## Data below
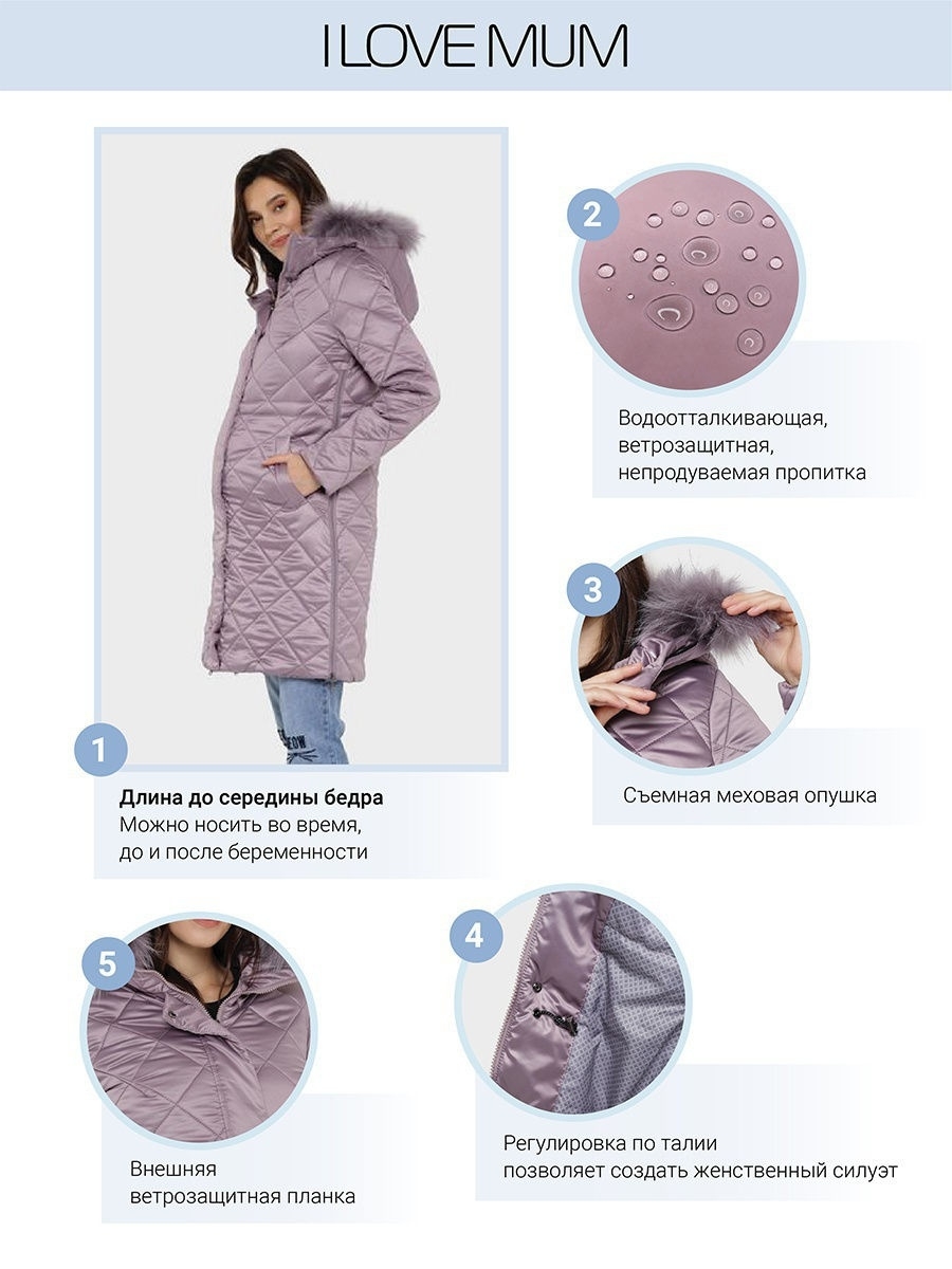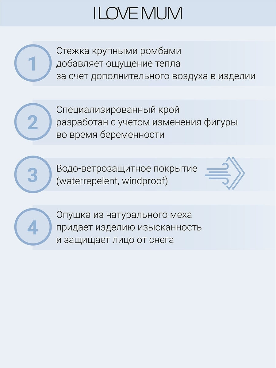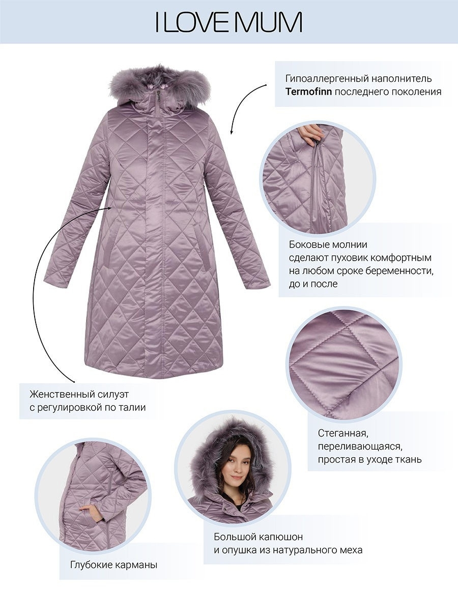 Тип 2в1: для беременных, обычная. В комплекте: куртка с запасом на живот. Объем для живота увеличивается за счет боковых молний. Дополнительные вставки: нет. Материал: курточная ткань. Утеплитель: термофин (250 гр/м2). Капюшон: не отстегивается. Опушка: натуральный мех енота, отстегивается (на молнии). Карманы: два боковых открытых кармана . Длина по спинке: 96 см. Длина рукава: 65 см.
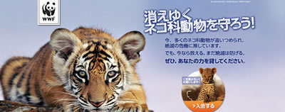 WWF(World Wide Fund for Nature:世界自然保護基金)が取り組む「消えゆくネコ科動物を守ろう」のPR協力として、年間通して公式サイトトップページにバナーを掲出しています。
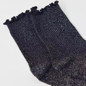 NWT Urban Outfitters Lurex Shimmer Black Ruffle Socks

## Exercise
The full listing, reproduced exactly and without pictures, is the expected output.

## Response box
 Тип 2в1: для беременных, обычная. В комплекте: куртка с запасом на живот. Объем для живота увеличивается за счет боковых молний. Дополнительные вставки: нет. Материал: курточная ткань. Утеплитель: термофин (250 гр/м2). Капюшон: не отстегивается. Опушка: натуральный мех енота, отстегивается (на молнии). Карманы: два боковых открытых кармана . Длина по спинке: 96 см. Длина рукава: 65 см.
 WWF(World Wide Fund for Nature:世界自然保護基金)が取り組む「消えゆくネコ科動物を守ろう」のPR協力として、年間通して公式サイトトップページにバナーを掲出しています。
 NWT Urban Outfitters Lurex Shimmer Black Ruffle Socks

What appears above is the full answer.